The RFPM can be used easily by people to capture food intake information over long periods of time; therefore, semi-automated procedures were developed that rely on both human operators and computer automation to expedite data analysis. This semi-automated approach is adaptable, which allows new technology to be integrated into the procedures and the Food Photography Application© as the Food Photography Application© is further developed and updated. The Food Photography Application© remains the central location for data storage, management, and analysis; therefore, the semi-automated approach can be applied to data collected in both cafeteria settings with the Digital Photography of Foods Method and in free-living conditions with the RFPM. Descriptions of semi-automated techniques are described in more detail in (Gunturk, 2011, Martin et al., 2009b, Zhang and Gunturk, 2008a, Zhang and Gunturk, 2008b, Zhang and Gunturk, 2009). Briefly, when food images are captured a black and white reference card, which is the size of a credit card, is included in the image (Figure 2). This card allows the computer application to correct and standardize images for color and perspective, allowing participants to eat food from any size plate. Computer imaging algorithms can also be employed to automatically identify foods and estimate portion size (Martin et al., 2009b). A Smartphone-based application (i.e., an “app”) has been developed that facilitates the automatic identification of foods via bar code scanning and PLU (Price Look Up) codes. The app also includes a voice message feature that allows participants to quickly use the Smartphone to record a description of the food. The app packages these data (e.g., the food image and the identity of the food from its barcode, PLU number, or the participant’s voice message) and transmits the data package to the Food Photography Application© for estimation of food selection and leftovers, with food intake being calculated as the difference between these two values, as described earlier.
The RFPM is an innovative approach to food intake assessment, but it is susceptible to certain weaknesses, including people forgetting to capture food images or losing the Smartphone. To address these concerns, ecological momentary assessment (EMA) methods (Stone, 1994) were integrated into the RFPM to reduce the occurrence of missing data and to foster data integrity. EMA methods utilize communication technology to measure behavioral phenomenon (e.g., tobacco use, binge eating) in real-time in natural settings, which results in ecologically valid data (Stone, 1994). The RFPM incorporated EMA methods by sending prompts (emails, text messages) to peoples’ Smartphones to remind them to capture food images. These prompts are scheduled for automatic delivery through the Food Photography Application© based on individual participant’s meal times, and the timing and frequency of the prompts can be modified. An example of a prompt is “Did you eat or drink anything today and forget to take a picture?”, and participants must reply to each prompt by answering “yes” or “no” with the push of a few buttons or they can type a detailed response. The Food Photography Application© tracks the delivery and response to each prompt and sends reports to the study team summarizing these data, as well as the number of food images received. The study team can easily detect missing data since data transfer occurs in near real-time. Figure 3 includes an illustration of the data collection and transfer process. If a participant is not able to capture images of his/her foods, a back-up method (e.g., food record) is used.

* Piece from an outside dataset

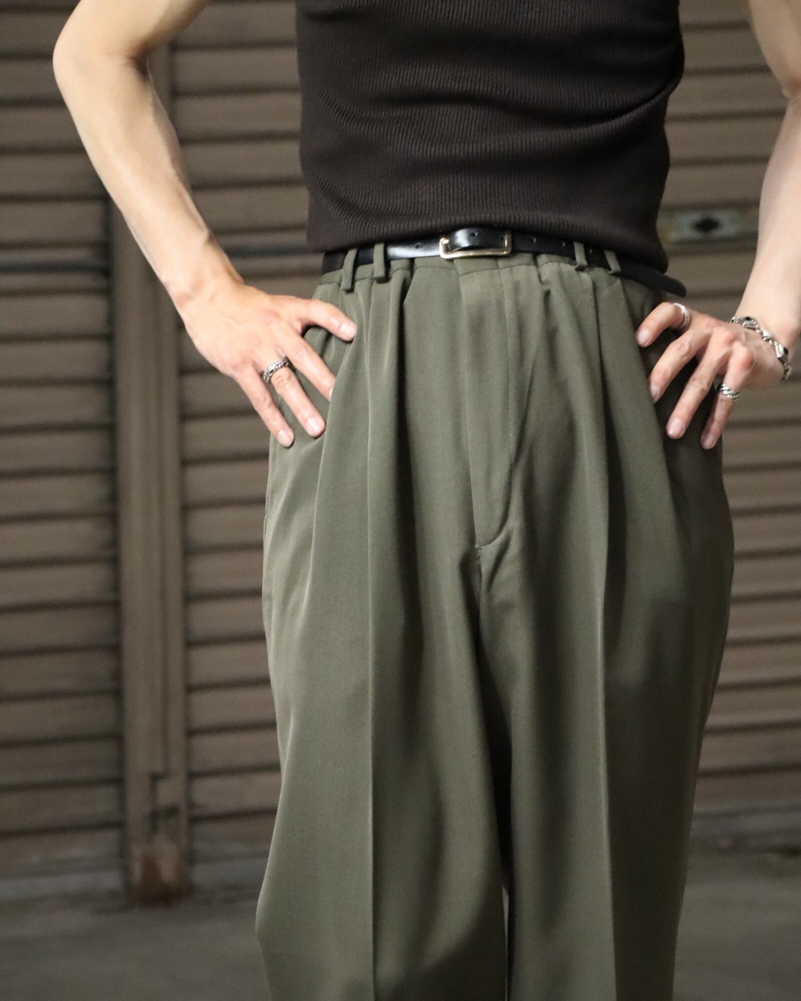 ▼ Item / worsted wool blend 2tuck wide-straight slacks khaki

The RFPM also has inherent limitations that are a function of the available technology that is used to improve the efficiency of data collection and analysis. For example, although we developed computer imaging algorithms to automatically identify foods and estimate portion size (Martin et al., 2009b), these functions are not yet sufficiently advanced to allow for fully automated data analysis. Rather, the process remains semi-automated and a human operator oversees the data collection, management, and analysis process. As new technology is released, however, it can be readily incorporated into the RFPM procedures and a good example of this is use of bar code scanning and PLU (Price Look Up) codes to automatically identify foods.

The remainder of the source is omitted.